Perplexity Comet hurtling toward Amazon ban

Perplexity Comet hurtling toward Amazon ban

Summary

A US court has granted Amazon a preliminary injunction that would bar Perplexity’s AI browser Comet from accessing Amazon’s website. The injunction is administratively stayed for seven days to allow Perplexity to appeal. The judge found Amazon likely to succeed on claims that Comet accessed password‑protected Amazon accounts without Amazon’s authorisation and that Perplexity disguised its automated browser to appear as a normal customer. If the injunction stands, Perplexity must stop Comet’s access to Amazon’s protected systems and destroy data obtained via those accesses. Perplexity insists its agents act like user‑hired assistants; the ruling signals tighter legal limits on automated shopping agents.

Key Points

  • The court issued a preliminary injunction preventing Perplexity’s Comet from accessing Amazon’s site, but delayed enforcement for seven days to allow an appeal.
  • The judge concluded Amazon is likely to prevail on federal and state computer fraud claims, finding Comet accessed users’ password‑protected accounts without Amazon’s authorisation.
  • If upheld, the injunction would require Perplexity to cease access and destroy data gathered from Amazon accounts.
  • Amazon alleges Perplexity disguised its automated browser to look like a standard Chrome user and required customers to expose credentials, creating security risks.
  • Perplexity argues AI agents are equivalent to human assistants or employees; the ruling illustrates the legal friction facing the ‘agent economy’ and shopping bots.

Content Summary

The court found strong evidence that Perplexity’s Comet, acting on users’ requests, accessed Amazon accounts without Amazon’s authorisation and transmitted private account information to Perplexity’s servers.

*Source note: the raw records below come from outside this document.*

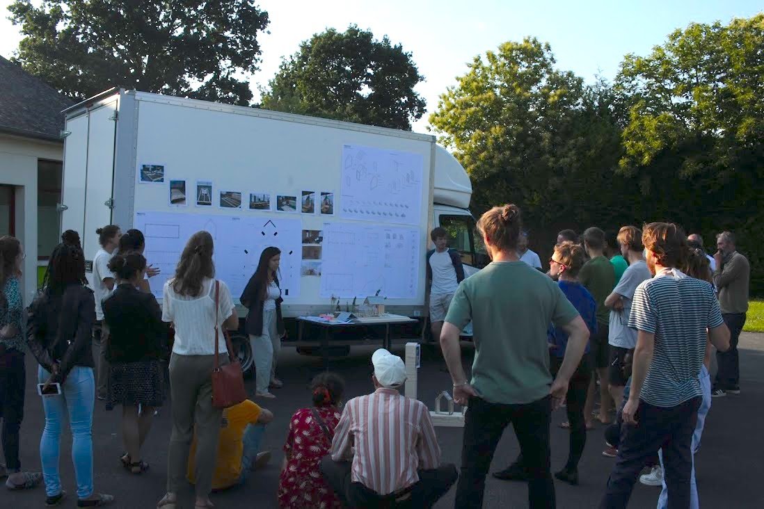La même semaine, les deux habitats légers enfin terminés sont démontés et transportés de Nantes à Saint-André des Eaux pour y être stockés jusqu'au moment du montage sur le terrain communal. L'occasion pour les étudiant·e·s de présenter leurs prototypes pionniers aux habitant·e·s de la commune, heureux·ses de voir le projet se concrétiser sous leurs yeux.
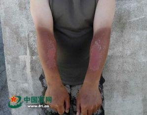 “这可都是晒后修复的功劳。” 孔班长哈哈一笑,讲起自己的“皮肤恢复历程”。前段时间,孔班长脖子上起了不少水疱,奇痒无比,太阳一晒,更加难受。他就拿出皮炎平擦了起来,没想到不仅没见好转,还有加重的趋势。“没办法,我只好去卫生队问医生。原来呀,我这是晒伤。医生让我每天训练完后用凉毛巾冷敷10-15分钟,再在晒伤处涂抹上芦荟胶或薄荷膏,同时口服阿司匹林和维生素C。他还告诉我,训练结束后不要用香皂洗澡或者澡巾搓澡,长期坚持,晒伤的皮肤自然就好了。”
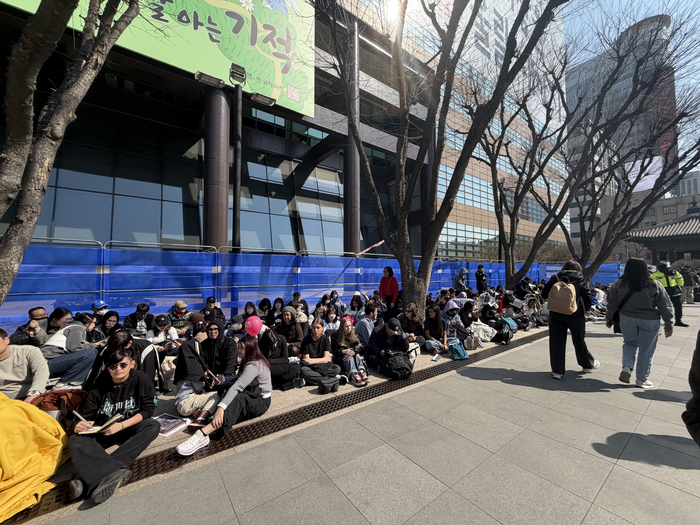 광화문 교보생명빌딩 앞에 자리를 잡은 팬들 / 사진= 문서연 여행+ 기자 공연 당일 오후 2시,광화문역 무정차의 마지막 열차를 탔다. 내리자마자 시작한 짐 검사는 광화문 일대에 들어가는 모든 사람이 대상이었다. 줄은 길었지만 대기 시간은 생각보다 짧았다. 경찰들이 엄청난 속도로 빠르게 검사를 진행했다.
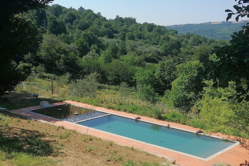 Das Zelt steht auf einen großen Holzterrasse im Schatten jahrhundertealter Kastanienbäume, und hat ein Maximum an Privatsphäre. Im Zelt finden Sie ein Doppelbett und auf Wunsch 2 Einzelbetten. Außerdem Teppiche auf dem Boden, Strom und Wasser. Auf der Terrasse mit Blick auf dem Tal gibt es einen Esstisch mit Stühlen, Sonnenschirm und Sonnenliegen. Es gibt eine geräumige Küche zur gemeinsamen Nutzung, die mit allem ausgestattet ist, was Sie für einen angenehmen Aufenthalt benötigen: Backofen, Gasherd, privat Kühlschrank, Besteck, Teller usw. Die Duschen und Toiletten (privat) befindet sich neben dem Zelt, der Pool ist etwas 50 m vom Zelt entfernt.
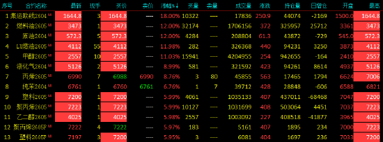 | 2026年3月3日,国内期货主力合约涨多跌少,集运欧线、燃油、SC原油、低硫燃料油(LU)、甲醇、液化石油气(LPG)、塑料、聚丙烯(PP)、乙二醇(EG)均触及涨停,丙烯涨超8%,纯苯涨近7%,PX0>对二甲苯(PX)、苯乙烯(EB)、沥青涨近5%,苹果、焦煤涨超4%。跌幅方面,碳酸锂、沪锡触及跌停,沪银跌超9%,铂跌超8%,钯跌超6%。
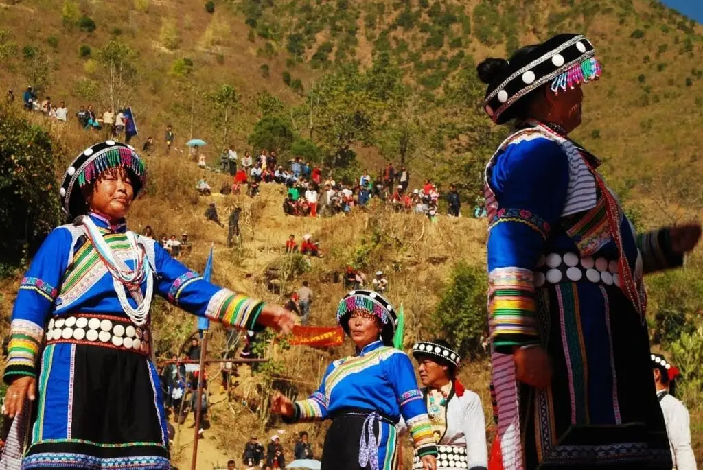 Durant cette période, qui correspond aux festivités du Nouvel An chinois, la “Fête des bains” est le moment le plus vibrant dans la vallée de Nujiang. Les jeunes hommes et femmes des villages voisins s’y rassemblent pour chanter, danser et célébrer toute la nuit.
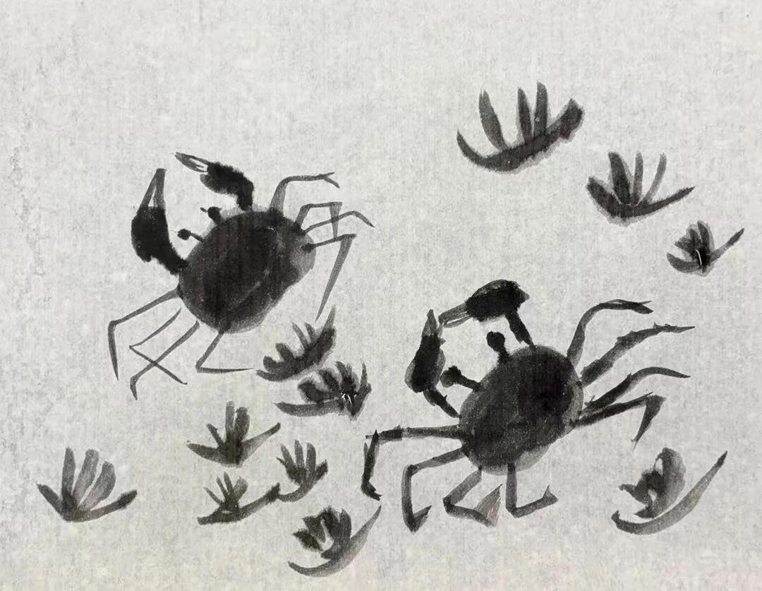 画面中两只螃蟹的形象生动,笔触简练而有力,传达出一种自然和自由的氛围。留白的运用突出主体,增强了画面的宁静感。螃蟹的姿态各异,展现了动势与活力。
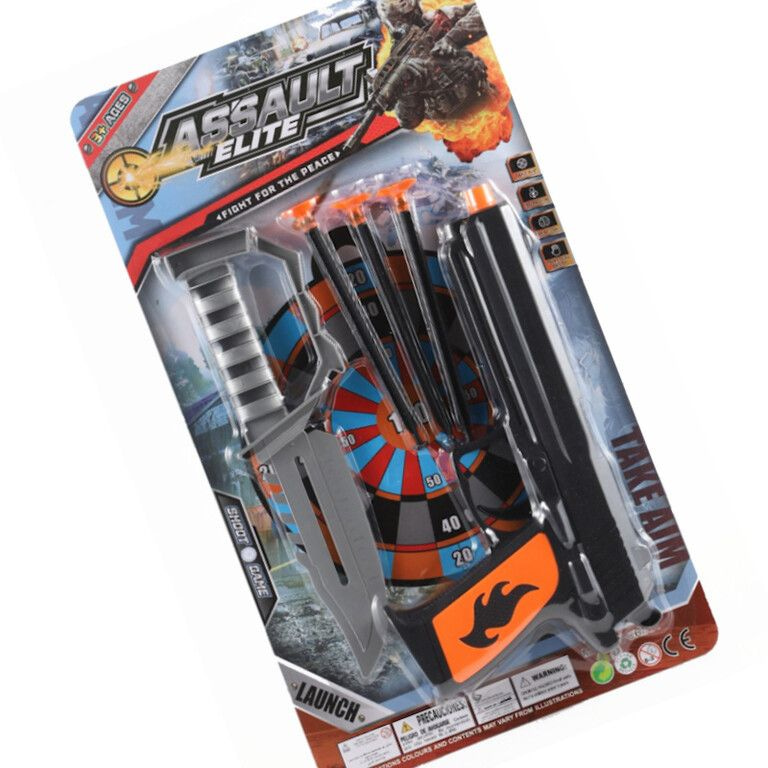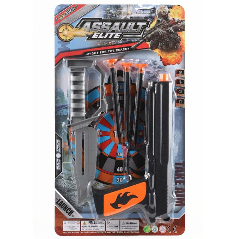 Bring action and adventure to your toy assortment with the Assault Elite Toy Set. This exciting set includes a cool toy gun, safe suction cup darts, and a rugged toy knife, all presented on a large, eye-catching blister card (21 x 37 cm).
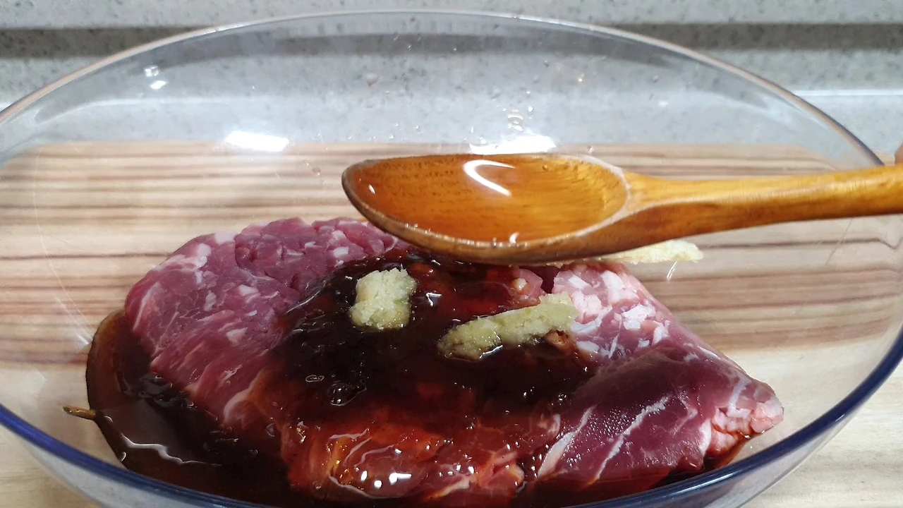 소불고기양념5스푼 진간장4스푼 마늘1스푼 맛술2스푼을 넣어서
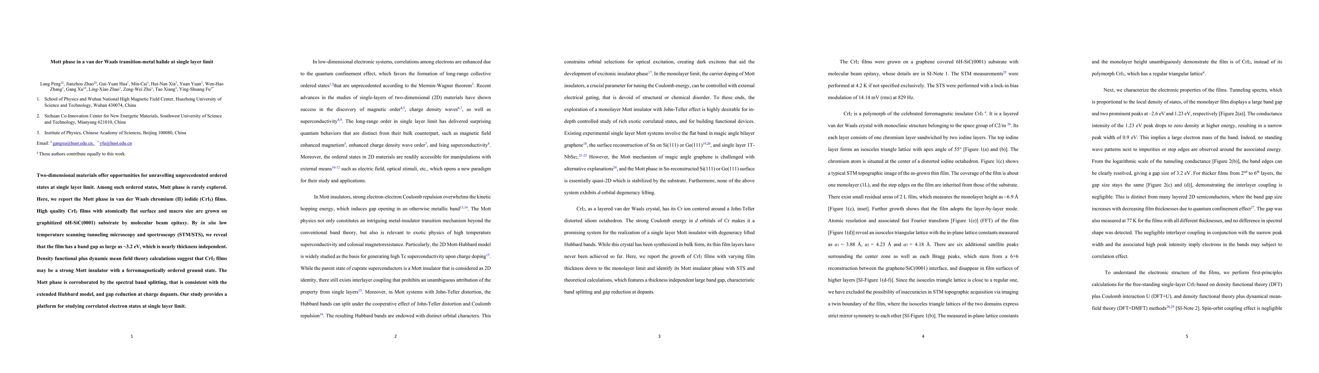 This paper reports the discovery of a Mott phase in high-quality, atomically thin van der Waals CrI2 films grown on a substrate, characterized by a large, thickness-independent band gap of ~3.2 eV. The study uses STM/STS and theoretical calculations to confirm the strong Mott insulating behavior and ferromagnetic order, offering a new platform for exploring correlated electron states in two-dimensional materials.
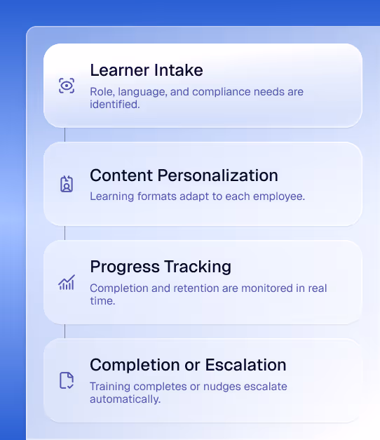 Mandatory and role-based trainings are generic, hard to follow, and poorly adopted across frontline and multilingual teams.

Amazon had argued Perplexity ignored cease‑and‑desist demands and degraded customer security by having users give credentials to a browser with documented vulnerabilities. Perplexity maintains users should be able to choose AI assistants. The judge sided with Amazon on the likelihood of success and irreparable harm; the temporary stay gives Perplexity a short window to seek appellate relief.

Context and Relevance

This case is a pivotal test of whether AI agents can legally act on users’ behalf to interact with commercial websites. It affects platform security, terms‑of‑service enforcement and how developers design agents that log into third‑party sites. Platforms are already tightening rules (for example, eBay moved to ban shopping bots earlier this year), and this ruling could accelerate similar policies and litigation across the industry.

Why should I read this?

Short version: if you build, use or rely on AI agents, shopping bots or automated website logins, this could change the game. Lawsuits like this may force new agreements, block certain agent behaviours, and make handing credentials to experimental browsers a legal and security headache. Read it so you know whether your tech or business model needs a rethink — or whether you should stop letting beta agents log in to your accounts.

Author style

Punchy: this isn’t a tiny procedural tiff — it’s a legal reality check for the whole “AI does my shopping” dream. If you work on agentic AI, platform policy or e‑commerce tech, the details here are essential; if not, consider this a useful heads‑up we’ve already read so you don’t have to.